┌─ THE INPUT

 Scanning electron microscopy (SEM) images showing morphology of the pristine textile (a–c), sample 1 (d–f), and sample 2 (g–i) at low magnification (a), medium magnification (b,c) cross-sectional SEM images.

└─
┌─ THE INPUT

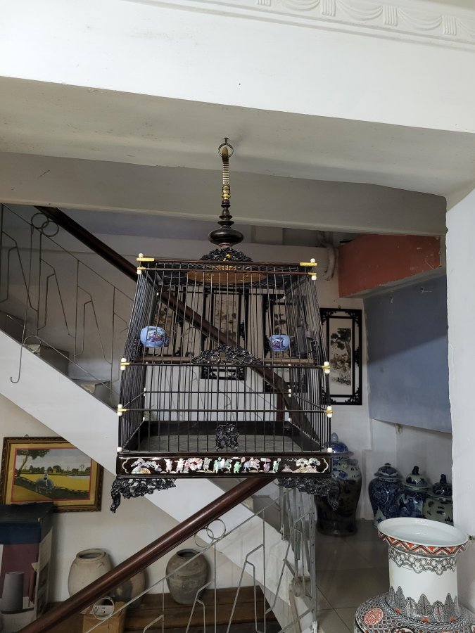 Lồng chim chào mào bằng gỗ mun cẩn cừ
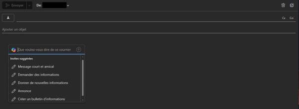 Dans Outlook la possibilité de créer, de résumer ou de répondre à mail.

└─

WHAT IS REQUIRED: Range to copy from the records above: the line containing "Lồng chim chào mào bằng gỗ mun cẩn cừ" to the line containing "Dans Outlook la", both included. Output those lines exactly and only those, skipping pictures.

RESULT BELOW:
 Lồng chim chào mào bằng gỗ mun cẩn cừ
 Dans Outlook la possibilité de créer, de résumer ou de répondre à mail.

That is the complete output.